The major focus of attention in above efforts has been the characterization of expression of protein-coding genes and their use for determining clinical outcomes. However, the majority of the human genome consists of non-protein-coding RNA (ncRNA).80 Increasing evidence points to an important functional or regulatory role of ncRNA in cellular processes as well as a contribution of aberrant ncRNA expression to disease phenotypes.81 These ncRNAs appear to function by the targeting of different epigenetic regulatory complexes to their intended targets.82 Among the different species of ncRNAs, microRNAs (miRNAs) have been identified as playing a fundamental role in differentiation, survival and function of immune cells, cytokine responses as well as intracellular signaling pathways.83,84 It has recently been shown shown that IBS-D patients harbour a distinctive miRNA profiling,85 which reflects an elevated transcription regulation activity that may account for some of the pathological hallmarks observed in this disorder, i.e., distorted barrier function, low-grade inflammation and immune activation.

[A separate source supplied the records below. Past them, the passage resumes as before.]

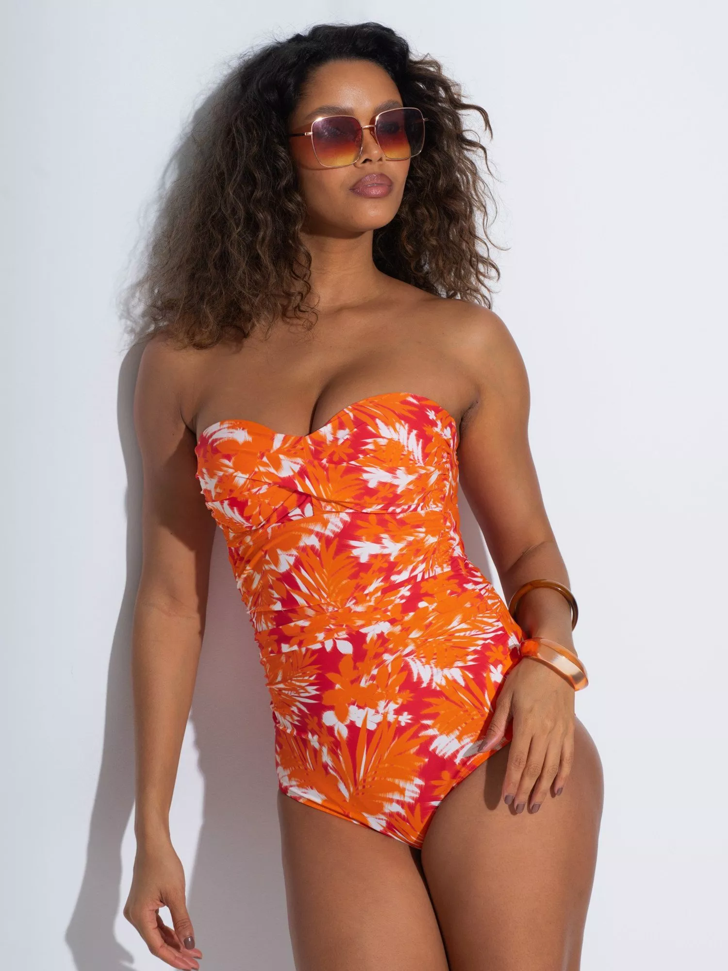 Designed with adjustable and removable straps, this swimsuit features a hidden control panel and hidden shelf support to sculpt your curves. With moulded cups and ruching at the front, you'll feel safe and secure as you brave the waves this summer.
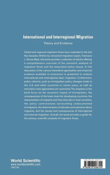 Global and regional migration flows have exploded in the last few decades. Written by renowned migration expert, Francisco L Rivera-Batiz, this book provides a collection of articles offering a comprehensive overview of the economic analysis of migration flows and the associated policy issues. A rich discussion of the various theoretical approaches and empirical evidence available in economics is presented to analyze international and interregional labor migration. Furthermore, policy reforms, such as immigration policy changes made in the US and other countries in recent years, as well as innovative new approaches are examined. The chapters in the book focus on the economic impact of immigration, the consequences of the brain drain for developing countries, the characteristics of migrants and how they fare in host countries, the policy controversies surrounding undocumented immigrants, the determinants of attitudes and opinions about migrants, and the causes and consequences of interregional and internal migration. Overall, the book provides a guide for the serious, scientific analysis of migration flows.
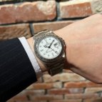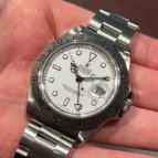 ホワイト文字盤のスポーツモデルが欲しかったのですが、種類は意外と少なく、デイトナは予算オーバーで手頃なものを探していたところエクスプローラーIIを発見。現行モデルとも悩みましたが、私の手首にフィットするのはコチラでした。ホワイト文字盤は清潔感があって、スーツにも合わせやすく重宝しています。
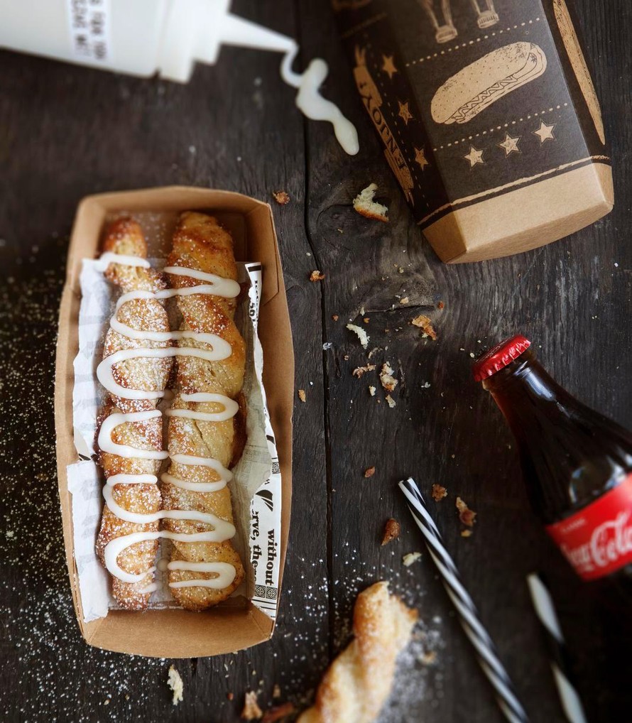- Kuumenna uuni 225-asteiseksi. Voitele tangot valkuaisella. Paista 10-15 minuuttia ja jäähdytä. Sekoita tomusokeri ja colajuoma notkeaksi ja sileäksi kuorrutteeksi. Valuta sitä viinereiden päälle.
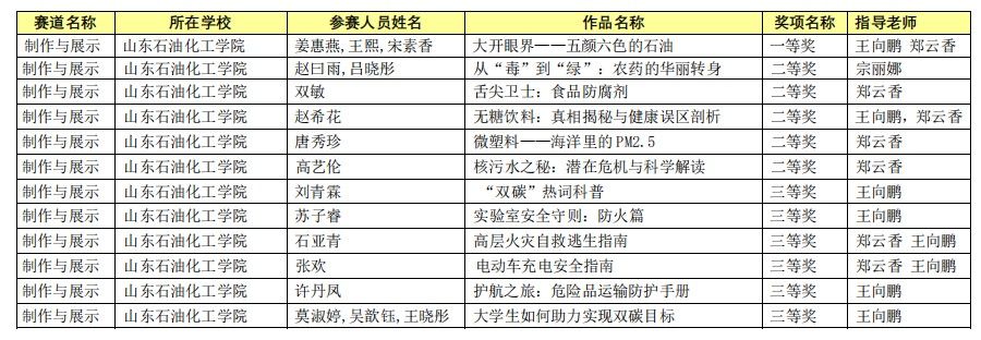 近日,第十六届山东省大学生科技节——大学生科普创新设计与展示大赛完美收官。化工学子积极参加,认真备赛,凭借新颖的内容和独特的创意在众多作品中脱颖而出,斩获制作与展示赛道一等奖1项、二等奖5项、三等奖6项。
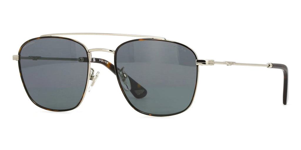 This square Police sunglass comes in a shiny dark havana and silver frame with grey with light mirror polarised lenses.

Small bowel and colon tissues of IBS-D patients with increased intestinal permeability showed a consistent molecular profile defined by up-regulation of miR-29a and down-regulation of glutamine synthetase expression, when compared to healthy and IBS-D with normal permeability. Noteworthy, the expression of miR-29a has been found increased in the colon of ulcerative colitis patients, a disorder also associated with increased barrier permeability, though, on the contrary, its expression was nonsignificantly altered in a small control population of IBS patients.86 It should be equally noted that miR-29a has over 1,100 estimated targets, whose contribution to the effect of miR-29a on intestinal permeability cannot be excluded. One of such putative targets is the TJ core protein claudin-1. Intriguingly, the intestine of IBS-D patients show decreased claudin-1 and claudin-4 protein levels in both the mucosa of the small bowel and the colon, whereas elevated claudin-1 and claudin-3 levels are found in constipated IBS patients.87 These facts support a role for miR-29a in controlling gut inflammation and permeability, but also bring into question its specific utility as a diagnostic marker or therapeutic target for just only IBS-D patients with increased permeability.

CONCLUSIONS

Recent studies conducted in IBS patients provide strong evidence for the presence of low-grade inflammation together with altered intestinal permeability; however, whether one phenomena precedes the other remains to be established. Stress or bacterial-mediated disruption of epithelial barrier function in IBS may result in adaptive neuro-immunological responses that, together with the malfunctioning of inflammation tuning-down mechanisms may lead to longstanding increase of gut permeability and hypersensitivity. The TJ is a critical determinant of mucosal barrier function. In the absence of mucin deficiency or gross epithelial damage, the TJ is the primary determinant of paracellular permeability. Defining how TJ-associated molecules are regulated and how they signal to modulate changes in epithelial cells in IBS would be essential to understand their contribution to the pathogenesis of this disorder.